▸ Directions for this task
Print the lines in the listing below starting at the line with "Depósito agua de" and ending at the line with "21 февраля 2018", both included. Reproduce them exactly and omit every picture.

### Materials provided

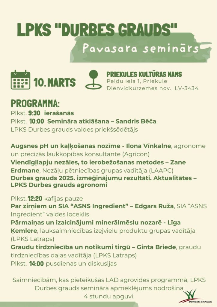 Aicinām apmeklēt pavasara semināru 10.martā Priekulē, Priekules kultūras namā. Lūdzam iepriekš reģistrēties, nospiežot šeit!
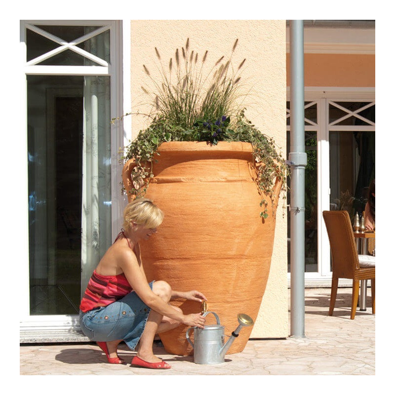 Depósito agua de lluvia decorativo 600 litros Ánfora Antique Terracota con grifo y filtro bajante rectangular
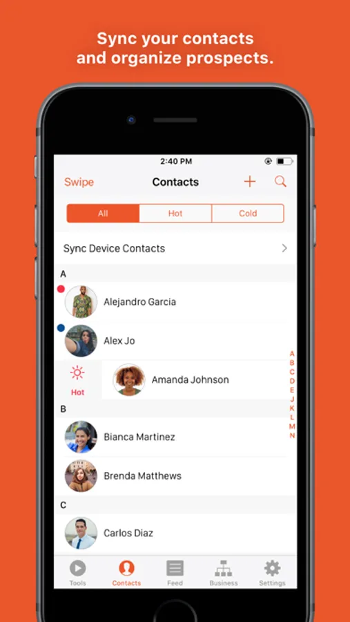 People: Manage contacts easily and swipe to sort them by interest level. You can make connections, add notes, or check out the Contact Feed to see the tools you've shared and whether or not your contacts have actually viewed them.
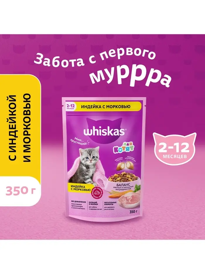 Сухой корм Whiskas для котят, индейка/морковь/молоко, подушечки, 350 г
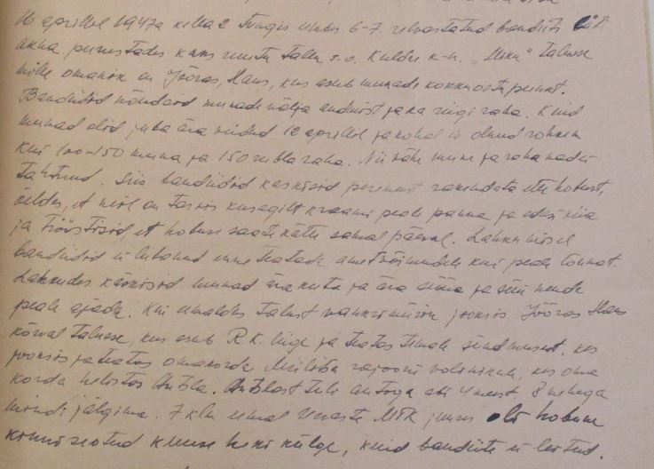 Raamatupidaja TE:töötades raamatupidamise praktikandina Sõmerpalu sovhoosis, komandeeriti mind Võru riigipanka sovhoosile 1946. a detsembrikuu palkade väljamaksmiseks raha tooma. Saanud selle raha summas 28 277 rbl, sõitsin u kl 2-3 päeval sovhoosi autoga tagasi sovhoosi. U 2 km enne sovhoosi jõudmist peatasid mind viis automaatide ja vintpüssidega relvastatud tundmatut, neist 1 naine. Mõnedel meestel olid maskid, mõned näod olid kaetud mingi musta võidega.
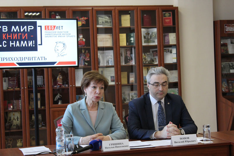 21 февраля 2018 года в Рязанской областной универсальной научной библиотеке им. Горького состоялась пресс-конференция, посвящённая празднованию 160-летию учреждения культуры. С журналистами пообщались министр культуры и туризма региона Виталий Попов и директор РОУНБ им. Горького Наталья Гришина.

######
### Materials provided

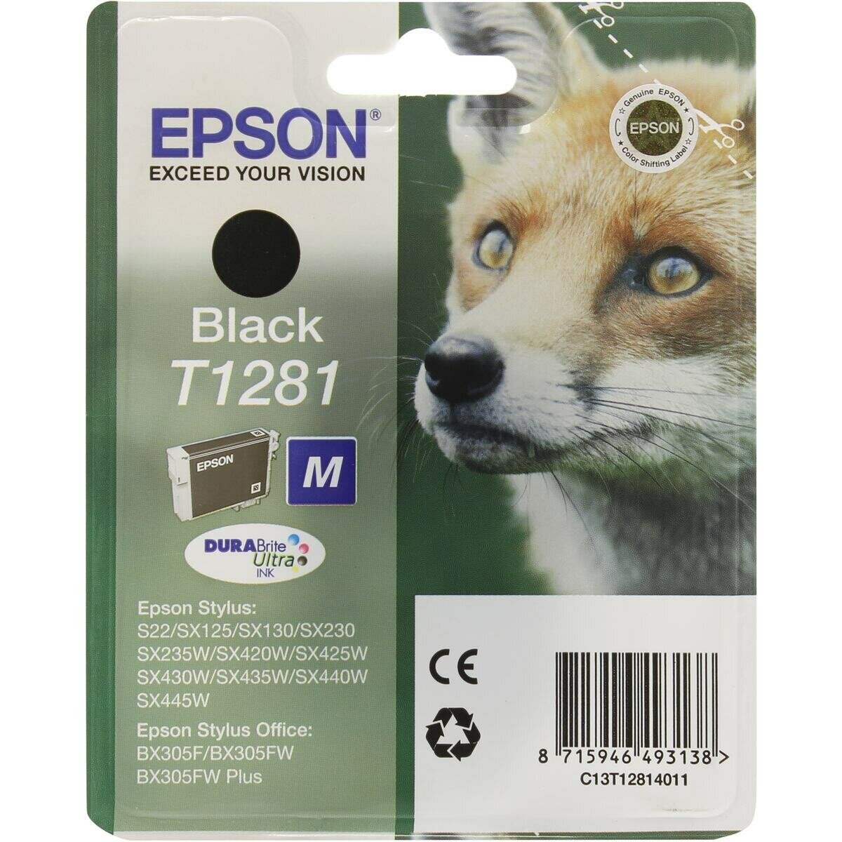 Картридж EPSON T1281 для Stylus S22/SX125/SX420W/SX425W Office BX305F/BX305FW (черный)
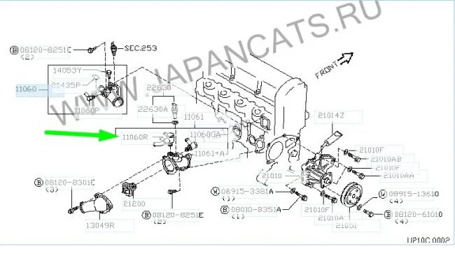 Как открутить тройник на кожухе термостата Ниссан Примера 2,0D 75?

######

▸ Result for this exercise
 Depósito agua de lluvia decorativo 600 litros Ánfora Antique Terracota con grifo y filtro bajante rectangular
 People: Manage contacts easily and swipe to sort them by interest level. You can make connections, add notes, or check out the Contact Feed to see the tools you've shared and whether or not your contacts have actually viewed them.
 Сухой корм Whiskas для котят, индейка/морковь/молоко, подушечки, 350 г
 Raamatupidaja TE:töötades raamatupidamise praktikandina Sõmerpalu sovhoosis, komandeeriti mind Võru riigipanka sovhoosile 1946. a detsembrikuu palkade väljamaksmiseks raha tooma. Saanud selle raha summas 28 277 rbl, sõitsin u kl 2-3 päeval sovhoosi autoga tagasi sovhoosi. U 2 km enne sovhoosi jõudmist peatasid mind viis automaatide ja vintpüssidega relvastatud tundmatut, neist 1 naine. Mõnedel meestel olid maskid, mõned näod olid kaetud mingi musta võidega.
 21 февраля 2018 года в Рязанской областной универсальной научной библиотеке им. Горького состоялась пресс-конференция, посвящённая празднованию 160-летию учреждения культуры. С журналистами пообщались министр культуры и туризма региона Виталий Попов и директор РОУНБ им. Горького Наталья Гришина.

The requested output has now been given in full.